The first one uses the experimentally established low sensitivity of human perception to distortions of small image details. The eye notices a non-uniform background more quickly than the curvature of a thin edge or a change in brightness and color of a small area. Two equivalent representations of the image are known from mathematics: the familiar spatial distribution of brightness and color and the so-called frequency distribution associated with the spatial Discrete Cosine Transform (DCT). In theory, they are equivalent and reversible, but they store information about the image structure in completely different ways: the transmission of smooth background changes is provided by low-frequency (center) values ​​of the frequency distribution, and the high-frequency coefficients. They are often responsible for the fine details of spatial distribution. This allows the following compression algorithm to be used. The frame is divided into 16×16 blocks (720×576 corresponds to 45×36 blocks), each of which is converted to DCT in the frequency domain. Then the corresponding frequency coefficients are quantized (rounding of values ​​with a given interval). If the DCT itself does not lead to data loss, the quantization of the coefficients obviously causes a thickening of the image. The quantization operation is performed with a variable interval: low-frequency information is transmitted more precisely, while many high-frequency coefficients take zero values. This provides significant compression of the data stream, but leads to a decrease in effective resolution and the possible appearance of minor spurious details (particularly at block boundaries). Obviously

For attentive readers, we repeat that this algorithm came from digital photography, where, under the name JPEG, it was developed to efficiently compress individual frames (JPEG is an abbreviation of the name of the Joint Photographic Experts Group, which endorsed it).

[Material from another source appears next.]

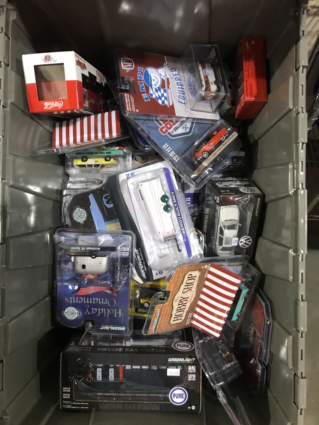 BIN OF GREENLIGHT & ASSORTED MODEL CARS (BIN NOT INCLUDED)

It was then successfully applied to frame video sequences (each processed completely independently) and renamed MJPEG (Motion-JPEG). It should also be noted that the DV encoding of the DV / DVCAM / DVCPRO digital standards is essentially based on the same algorithm, but uses a more flexible scheme with adaptive selection of quantization tables. The compression ratio for different blocks, unlike MJPEG, varies with the image: for non-informational blocks (for example, at the edges of the image) it increases, and for blocks with a large number of small details, it decreases relative to the middle level of the image. As a result, with the same quality, the data volume is reduced by approximately 15% (or vice versa, with the same flow, the quality of the output signal is higher).

Temporal MPEG compression uses a high redundancy of information in images separated by small intervals. In fact, between adjacent images, usually only a small part of the scene changes; for example, there is a smooth movement of a small object on the background of a fixed background. In this case, the complete information about the scene should be saved only selectively, for reference images. For the rest, it is enough to transmit only difference information: about the position of the object, the direction and magnitude of its displacement, about new background elements (which open behind the object as it moves). In addition, these differences can form not only in comparison with the previous images, but also with the later ones (since it is in them, as the object moves, the part of the background that was previously hidden behind the object is revealed). Note that mathematically the most difficult element is the search for displaced blocks, but little change in structure, (16×16) and the determination of the corresponding vectors of their displacement. However, this element is the most essential as it can significantly reduce the amount of information required. It is the efficiency of the real-time execution of this “smart” element that distinguishes various MPEG encoders.